At the end of September, I moved out of my parents’ apartment and into a furnished two-room apartment on 55th and Kimbark. It was a dismal place, but I could afford it. I was glad to be on my own, though I was lonelier than I’d ever imagined. I hadn’t yet made any friends at school—I didn’t have any nodding acquaintances, really—and the retired suit maker who picketed in front of Sidney Nagle with me didn’t like or approve of me. I’d gotten my job through connections and it was generally something the union gave to retired members, to supplement pensions and social security. My only co-worker’s name was Ivan Medoff and he looked the way Jimmy Cagney would have looked if Cagney had been Jewish and worked in a factory for thirty-nine years. The only social gesture Medoff made in my direction was to say one day, “I told my wife I was here working with a youngster and she says I should maybe ask you to have dinner sometime.” He didn’t take it further and I didn’t press it, though I waited for him to name the day because I would have accepted.

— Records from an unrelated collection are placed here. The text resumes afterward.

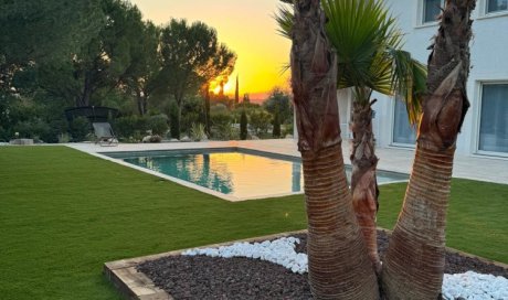 Aménagement gazon synthétique sur la commune de Saint jean de vedas. Rodriguez Paysages vous propose la création d'un jardin exotique privé à&...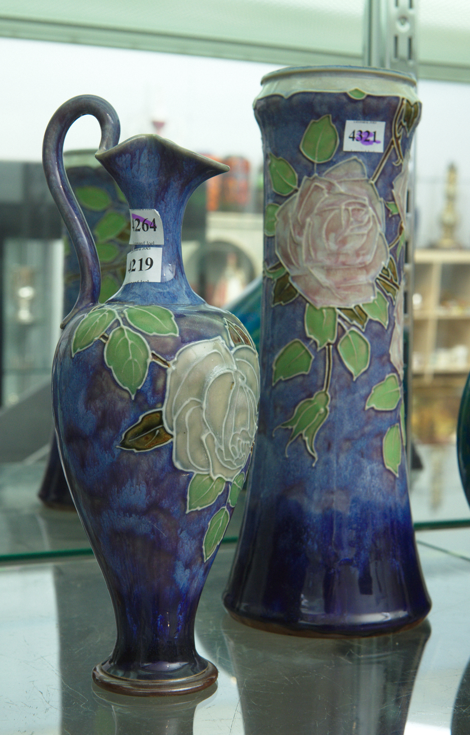 TWO SIMILAR DOULTON BURSLEM ITEMS INCLUDING CYLINDRICAL VASE AND EWER BOTH DECORTAED IN ROSES - VASE H.32.5CM, EWER H.29.5CM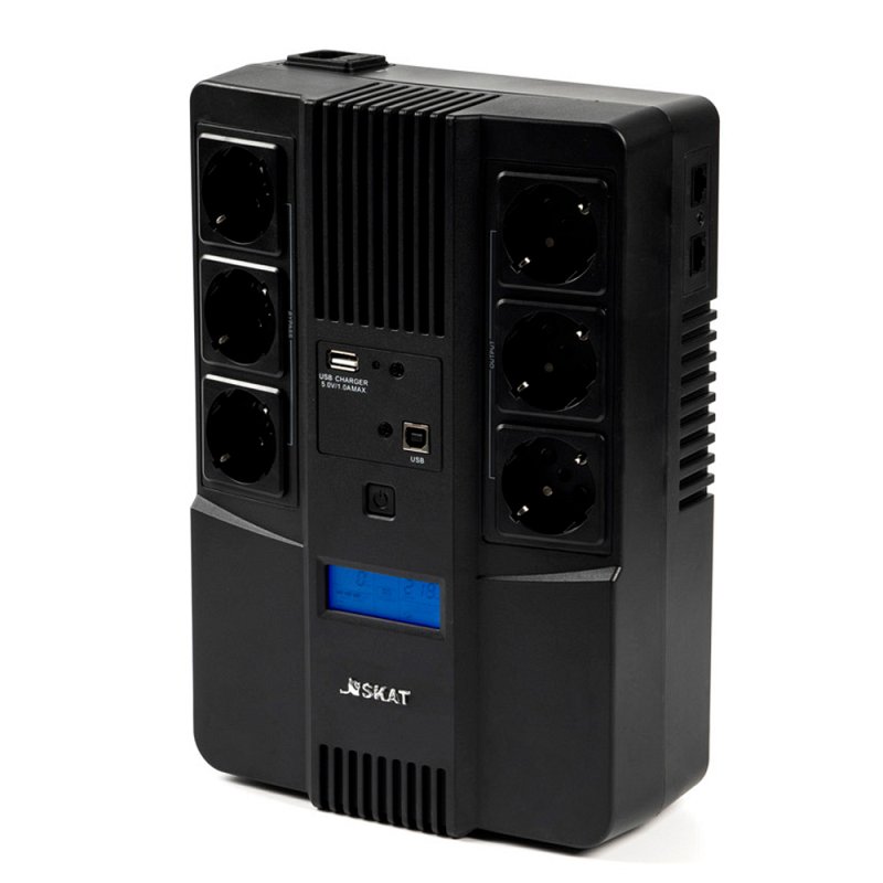 Однофазный источник бесперебойного питания SKAT-UPS 800-AID-IN-1x9 производится мощностью 800 ВА \ 480 Вт с применением линейно-интерактивной технологии (line-interactive UPS). Компактный корпус выполнен в напольном форм-факторе и подходит для монтажа на вертикальную поверхность. ИБП обеспечивает защиту оборудования от основных неполадок сети и обеспечивает время автономии для компьютеров, периферии, бытовой и офисной техники. Внутри SKAT-UPS 800-AID-IN-1x9 установлен свинцово-кислотный аккумулятор, напряжением 12 В и ёмкостью 9 Ач. Выводы выполнены в виде стандартных ЕВРО-розеток, так же для удобства предусмотрен USB порт. ИБП поддерживает функцию холодного старта — запуск без напряжения в сети, запускаясь от встроенного АКБ. Для отслеживания состояния оборудования предусмотрена светодиодная индикация и дисплей, проублированные звуковыми сигналами.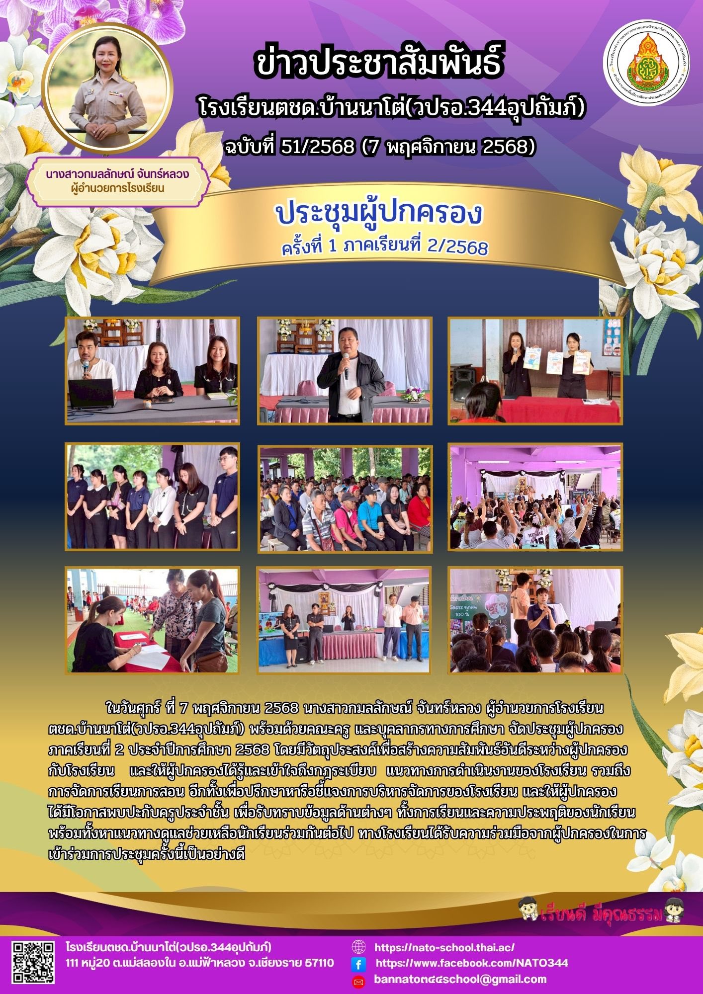 ในวันศุกร์ ที่ 7 พฤศจิกายน 2568 นางสาวกมลลักษณ์ จันทร์หลวง ผู้อำนวยการโรงเรียนตชด.บ้านนาโต่(วปรอ.344อุปถัมภ์) พร้อมด้วยคณะครู และบุคลากรทางการศึกษา จัดประชุมผู้ปกครอง ภาคเรียนที่ 2 ประจำปีการศึกษา 2568 โดยมีวัตถุประสงค์เพื่อสร้างความสัมพันธ์อันดีระหว่างผู้ปกครองกับโรงเรียนและให้ผู้ปกครองได้รู้และเข้าใจถึงกฎระเบียบ แนวทางการดำเนินงานของโรงเรียน รวมถึงการจัดการเรียนการสอน อีกทั้งเพื่อปรึกษาหารือชี้แจงการบริหารจัดการของโรงเรียน และให้ผู้ปกครองได้มีโอกาสพบปะกับครูประจำชั้น เพื่อรับทราบข้อมูลด้านต่างๆ ทั้งการเรียนและความประพฤติของนักเรียนพร้อมทั้งหาแนวทางดูแลช่วยเหลือนักเรียนร่วมกันต่อไป ทางโรงเรียนได้รับความร่วมมือจากผู้ปกครองในการเข้าร่วมการประชุมครั้งนี้เป็นอย่างดี

My loneliness was at once vague and total. I never missed a class and soon forced myself to ask questions of the instructors, just to hear myself talk to another person. I looked forward to my appointments with Dr. Ecrest, and when he asked me if I’d be interested in joining a therapy group he was forming on Wednesday evenings I almost said yes, on the chance I might make friends in the group. My parents made a ritual appearance at my apartment for dinner, which I cooked for them on my two-burner stove and served in the cracked turquoise and white plates supplied by my landlord. I found more occasions than I would have guessed to make the walk to their house—picking up a sweater, borrowing spoons, spontaneously accepting an old dictionary they’d offered to give me before I’d moved out—and more often than not my arrival coincided with dinner. They both seemed involved with their jobs and though I knew they were in a sad, difficult time, they looked no more unhappy than two old dolls in an attic. I was an absolute pig in how I refused to recognize their misery, but it was what they wanted of me.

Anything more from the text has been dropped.